By Rod Oram
Between the lines
"Six months in a leaky boat" was the music by which President Clinton left the stage of Auckland's Maritime Museum yesterday after delivering a clear message about where he thinks Apec should sail from here.
Whoever chose Split Enz's song has a sense of humour and history.
Close to foundering in the Asia Crisis - particularly after the partly US-induced debacle of last year's Kuala Lumpur summit - Apec has been saved by frantic bailing and re-rigging.
Seaworthy again, it's time to plot a new course. But to where?
Apec's original tack was a commitment to achieving free flows of trade and investment. Some Apec members still threaten to mutiny but that thrust could come to fruition over the next couple of decades if Apec keeps working very hard at it.

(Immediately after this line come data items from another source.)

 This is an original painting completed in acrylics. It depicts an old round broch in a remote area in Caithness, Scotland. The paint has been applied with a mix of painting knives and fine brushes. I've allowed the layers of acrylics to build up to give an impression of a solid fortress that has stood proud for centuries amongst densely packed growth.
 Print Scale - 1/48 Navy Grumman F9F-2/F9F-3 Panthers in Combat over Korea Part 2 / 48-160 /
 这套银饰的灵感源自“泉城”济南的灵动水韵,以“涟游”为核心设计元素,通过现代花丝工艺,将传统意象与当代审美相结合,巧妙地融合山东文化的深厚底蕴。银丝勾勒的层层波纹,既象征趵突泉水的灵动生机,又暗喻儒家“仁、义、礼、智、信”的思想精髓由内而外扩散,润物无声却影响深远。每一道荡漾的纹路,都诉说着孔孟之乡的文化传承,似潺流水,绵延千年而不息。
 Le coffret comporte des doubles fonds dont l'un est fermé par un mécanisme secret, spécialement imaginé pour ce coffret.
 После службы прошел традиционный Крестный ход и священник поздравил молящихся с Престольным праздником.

But the Asia Crisis showed free trade alone could not achieve prosperity and stability. If people, companies, institutions, governments and economies were ill-equipped they would collapse during busts, languish during booms.

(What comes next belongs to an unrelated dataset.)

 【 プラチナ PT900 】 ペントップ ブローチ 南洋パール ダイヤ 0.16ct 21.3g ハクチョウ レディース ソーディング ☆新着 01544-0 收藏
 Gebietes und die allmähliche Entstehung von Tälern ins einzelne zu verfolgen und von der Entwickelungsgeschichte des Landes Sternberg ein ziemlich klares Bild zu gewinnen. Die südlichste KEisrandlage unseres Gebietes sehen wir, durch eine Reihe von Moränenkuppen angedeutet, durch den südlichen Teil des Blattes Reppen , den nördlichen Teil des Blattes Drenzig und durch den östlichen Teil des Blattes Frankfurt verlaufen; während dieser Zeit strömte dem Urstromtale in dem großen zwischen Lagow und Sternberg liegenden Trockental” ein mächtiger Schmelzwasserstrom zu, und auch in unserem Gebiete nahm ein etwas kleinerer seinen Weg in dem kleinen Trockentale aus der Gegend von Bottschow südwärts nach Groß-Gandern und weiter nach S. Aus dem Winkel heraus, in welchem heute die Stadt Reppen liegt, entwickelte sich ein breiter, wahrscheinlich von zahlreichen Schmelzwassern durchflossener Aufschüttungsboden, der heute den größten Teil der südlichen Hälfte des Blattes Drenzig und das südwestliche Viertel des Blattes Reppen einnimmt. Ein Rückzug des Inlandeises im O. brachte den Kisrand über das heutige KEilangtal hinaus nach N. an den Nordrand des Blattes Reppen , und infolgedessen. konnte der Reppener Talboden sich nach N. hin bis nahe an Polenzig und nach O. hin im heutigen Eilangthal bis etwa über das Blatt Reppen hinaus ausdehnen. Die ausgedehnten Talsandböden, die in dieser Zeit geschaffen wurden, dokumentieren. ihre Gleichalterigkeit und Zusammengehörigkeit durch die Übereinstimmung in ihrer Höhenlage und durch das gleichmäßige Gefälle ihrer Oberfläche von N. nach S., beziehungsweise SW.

So post-Crisis, Apec's second tack was to start strengthening skills of people and organisations so they could make the most of markets. It was a highly significant shift, taking Apec initiatives behind borders into members' domestic issues. Some subjects such as competition policy are highly contentious yet even defensive countries are warming to the work.
But even that was not enough, Apec's leaders and bureaucrats now realise. Apec suffers from two weaknesses which are even more fundamental: first, people across the region are ambivalent, or worse, hostile to Apec. They are deeply sceptical about its benefits; second, Apec avoids values. It has no moral compass to steer by.
Together these failures could undo Apec. Thus, leaders in politics and business have started to look for the third tack in Apec's course. Typical of the new ideas and language were two political speeches to the chief executives' summit this weekend:
"I think they (investors and entrepreneurs) will be drawn to countries where there's fairness and openness and freedom, good education system and broad participation in the prosperity of the nation." - President Clinton.
"The Apec economies should pay greater attention to the growing economic and social disparities, both within and across nations." - President Kim Dae-jung of South Korea.
The sentiments were echoed in discussions by chief executives and reinforced by their commitment to work on a model code of conduct to express the responsibilities some have already shouldered.
But others haven't. Around the region, in developed and developing countries, corruption, cronyism and other norms undermine societies.
If Apec is to achieve free and fair trade based on open and strong societies it needs to bring people together around some basic values, yet let them express those values in their own way.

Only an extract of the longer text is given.